El primer domingo del otro mes llegamos a un cerro grande que llaman Zeriba y desde su cumbre, que es muy pedregosa, se veían enfrente unos montes coronados de nubes, muy lejanas, como a tres días de camino, y en llegando a este lugar hubo gran algazara y grita en la caravana y hasta algunos camellos dieron berrea, en señal de contento, y vinimos a saber que detrás de las montañas aquellas estaba la primera ciudad del país de los negros que es una muy grande y famosa de nombre Tomboctú, de lo que hubimos gran placer y contento y fray Jordi salió de unas fiebres en que iba muy postrado y cobró ánimo y se vino a donde Andrés y yo caminábamos y propuso que aquel día se dijeran tres misas en lugar de la una acostumbrada y que se cantara un "Te Deum Laudamus" que entonamos todos los cristianos con mucha devoción y puestos de hinojos pues, ya salidos de aquellas privaciones y miserias, pensábamos que lo que viniera adelante sería cosa fácil y cumplidera de hacer.

Y después desto, ya con más ánimo, seguimos caminando los otros días y al quinto, que fue viernes, ya nos parecía ver la raya del horizonte con un blancor que sería el de los muros de Tomboctú, y a otro día vinieron a nosotros las gentes de aquella ciudad, mostrando tan grande placer y alegría de la venida de la caravana como suelen en Castilla hacer cuando comienza a llover si por algún tiempo las aguas son deseadas y se han detenido. Y ya metidos en medio del ruido y muchedumbre, entramos en Tomboctú y hallamos que allí no había muros blancos ningunos como pensábamos sino que una nieblecilla que las calores levantaban del suelo nos había engañado.

Tomboctú es una ciudad grande más que las nuestras suelen ser aunque, como la tierra es parda tirando a bermeja y las casas son todas de tapial malo y cañas y ramas y tienen en sus vejeces el mismo color de la tierra a la que vuelven disolviéndose y desmoronándose, es difícil decir dónde la ciudad empieza y dónde acaba el campo y la gente que la habita ha desertado de los arrabales y vive en medio, y alrededor hay muchas collaciones de casas y calles enteras menguadas y despobladas y arruinadas donde habitan hienas y otras alimañas y algunos malhechores hallan refugio. En esto se conoce estar muy disipada y destruida y haber sido más ciudad antes de lo que era cuando nosotros llegamos a ella.

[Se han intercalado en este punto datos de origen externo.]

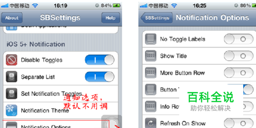5.以上设置完成后,按home退出,手机会自动注销,然后等注销完,进设置-通知-不在通知中心-找到SBSettings-打开即可
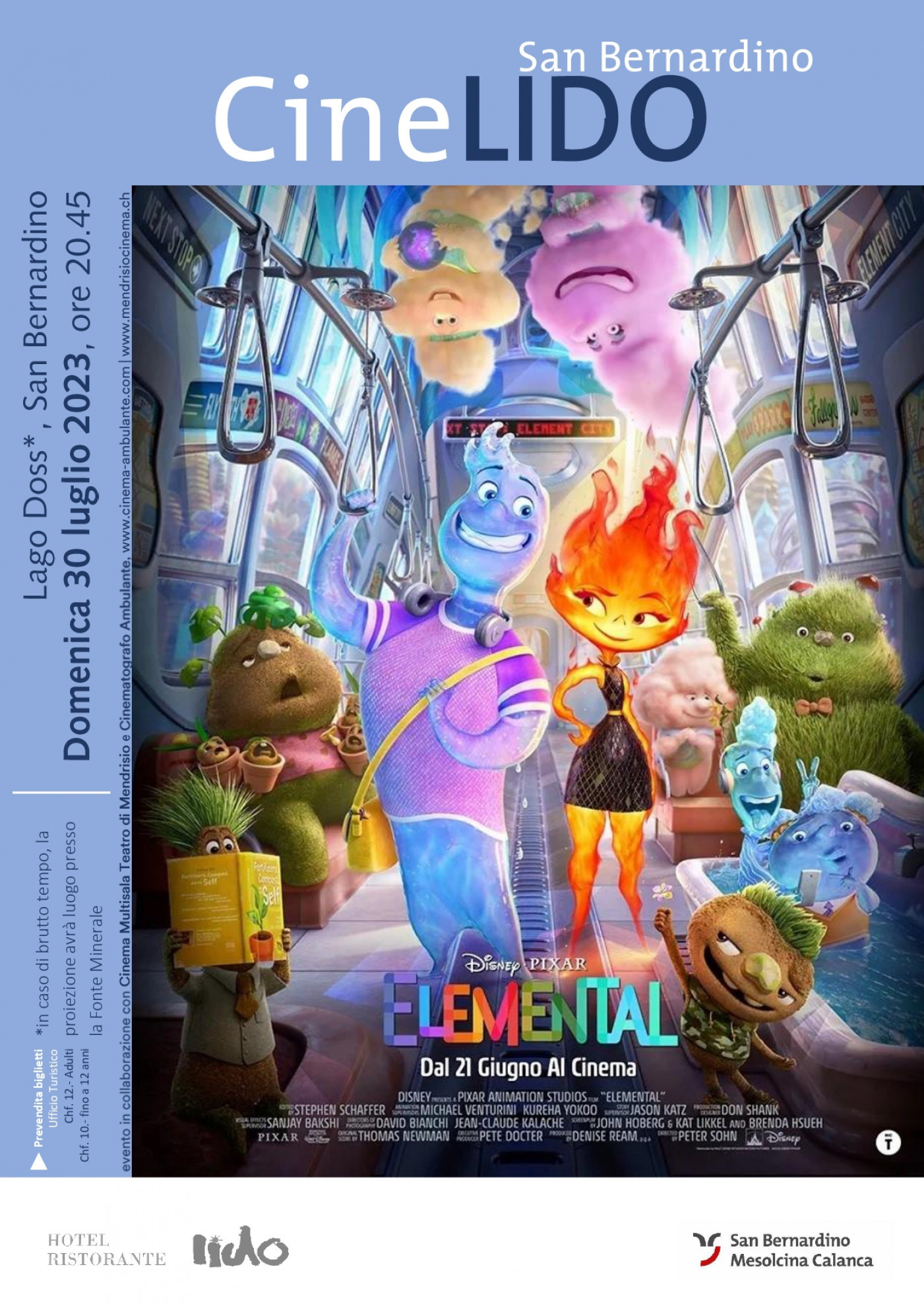Cinema all'aperto su grande schermo a San Bernardino, domenica 30 luglio alle 20.45. Nella cornice del lago Doss sarà trasmesso il film d'animazione Elemental. In caso di brutto tempo la proiezione avrà luogo all’interno del padiglione ex Fonte Minerale San Bernardino. Prevendita presso l’Ufficio turistico di San Bernardino. Ulteriori informazioni contattando l’Ente turistico regionale del Moesano (091 832 12 14 o info@visit-moesano.ch).
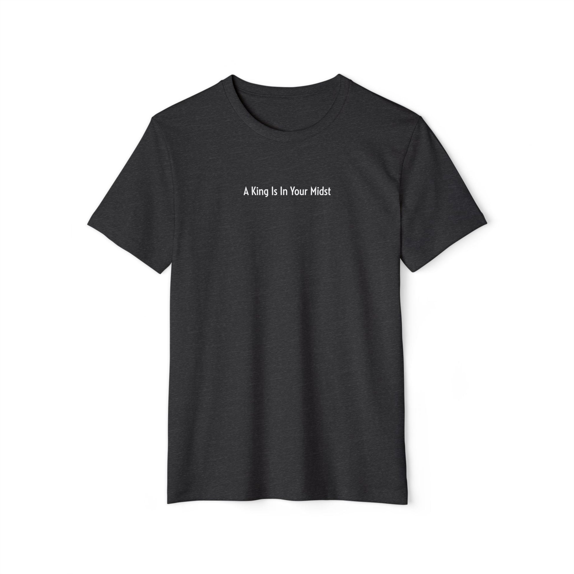 A King Is In Your Midst™ (A Collection of Kissed By The Earth™) Recycled Organic T-Shirt - White on Dark Gray Heather (1st Edition)
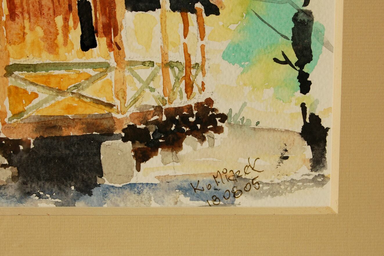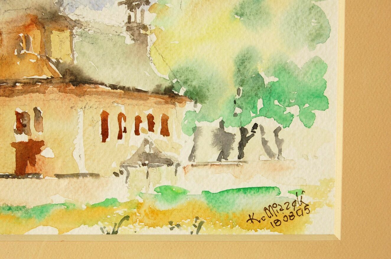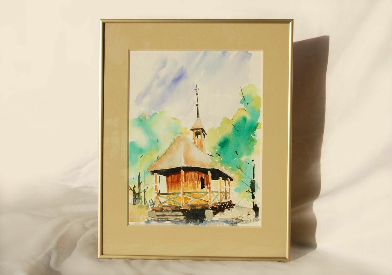 1. Akwarela przedstawiająca starą architekturę drewnianą - z cyklu cerkwi z terenów południowo-wschodniej Polski. Krzysztof Miazek, 18.08.05 - sygnatura w prawym, dolnym rogu. Akwarela jest oprawiona w metalową ramę w kolorze platynowym, ze szkłem i z passe-partout w kolorze ciepłego, piaskowego beżu. Obraz jest nowy.Zdjęcia zostały wykonane w naturalnym, dziennym oświetleniu.
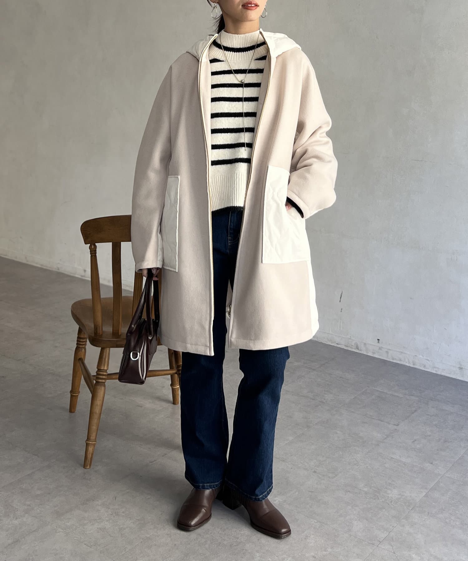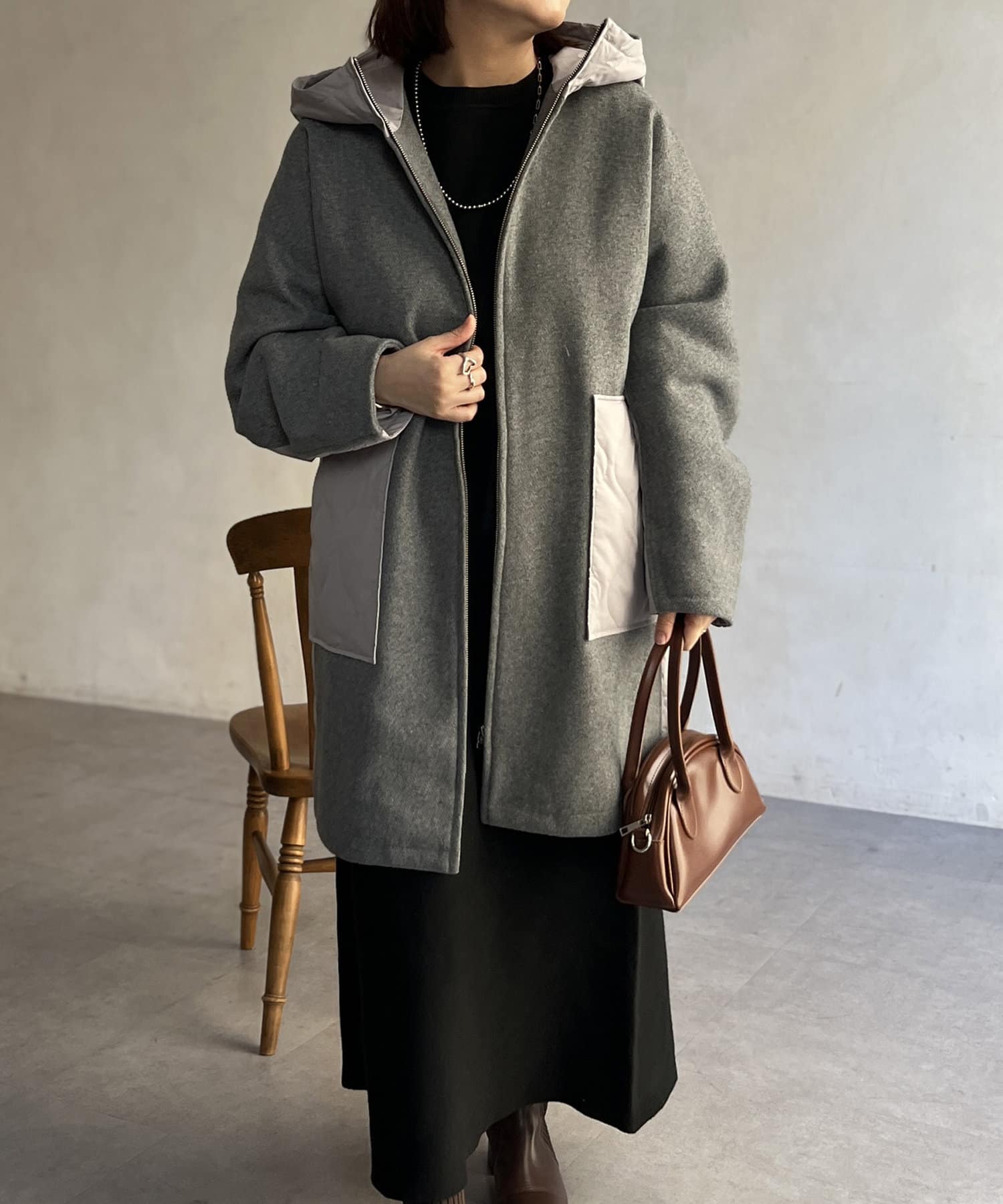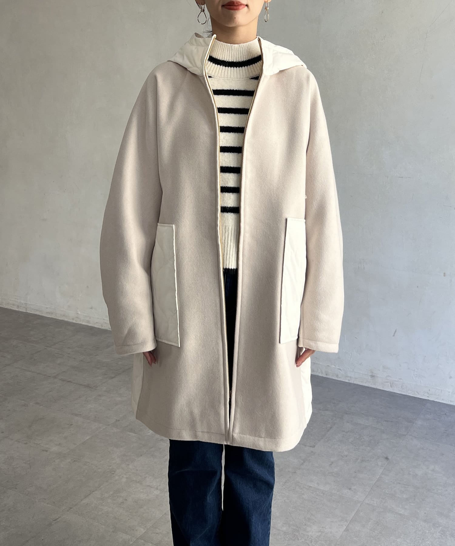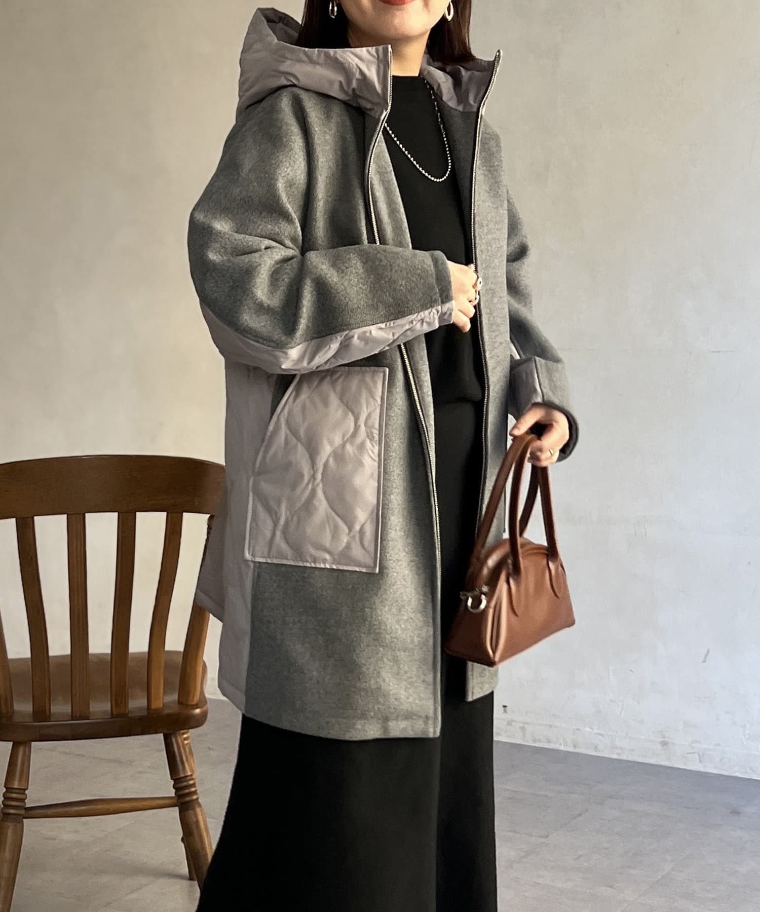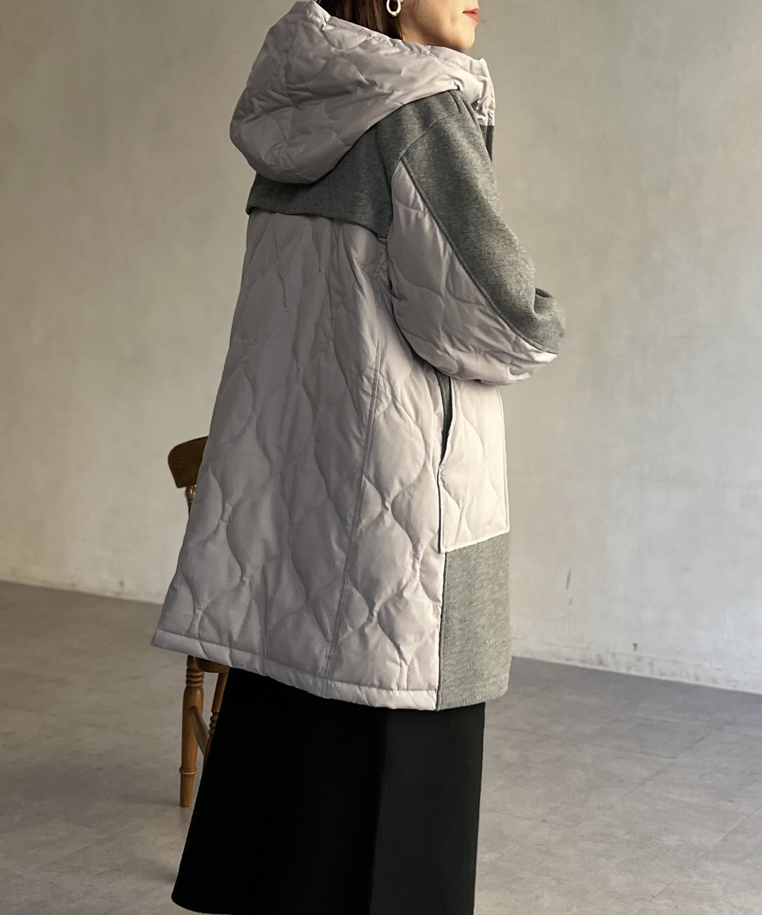 • Chez toi(シェトワ) ウール×ダウンキルティングフードコート
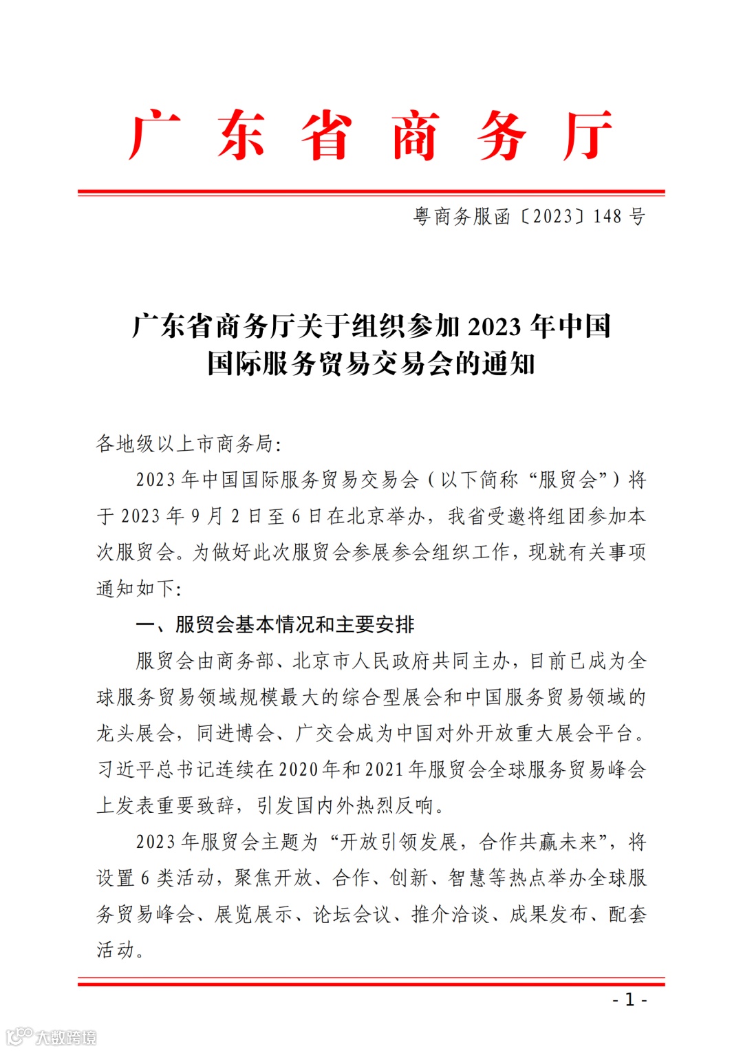 转发:关于组织参加2023年中国国际服务贸易交易会的通知

Y los negros que allí habitan son tantos como los moros y otros cuarterones cruzados de ellos que no se sabe bien si tienen más de moro que de negro y todas las casas son igualmente pobres y no se ve a nadie más rico que el vecino, sino que todas parecen gente de poco pelo y venidos a tanto decaimiento y quebranto que no es cosa de poderse creer. Mas, a lo que pronto supimos, al país le llaman Chongay y por las jornadas de camino que iban de una ciudad a otra calculamos que sería más grande que Castilla y de hechura cuadrada y en cada esquina dél una ciudad, a las cuales ciudades llamaban, además de la nombrada Tomboctú, Gao, Salé y Genne. Y el Rey y los mandamases vivían en Gao muy encubiertamente y allí no podían ir los moros so pena de morir a manos del verdugo. Y Tomboctú era solamente el sitio donde se juntaban las caravanas y allí llevaban los negros sus mercaderías de esclavos y oro y marfil y pieles y nueces de cola. Estas nueces de cola son muy apreciadas entre los moros porque sus raspaduras dan calor al corazón lo mismo que el vino hace a los cristianos. Y a cambio de todas estas cosas, los negros solamente quieren sal y mucha sal y algo de paños y otras cosillas, en lo que se hecha de ver la gran necedad de esta gente que cambia lo mucho por lo poco y la sal por el oro.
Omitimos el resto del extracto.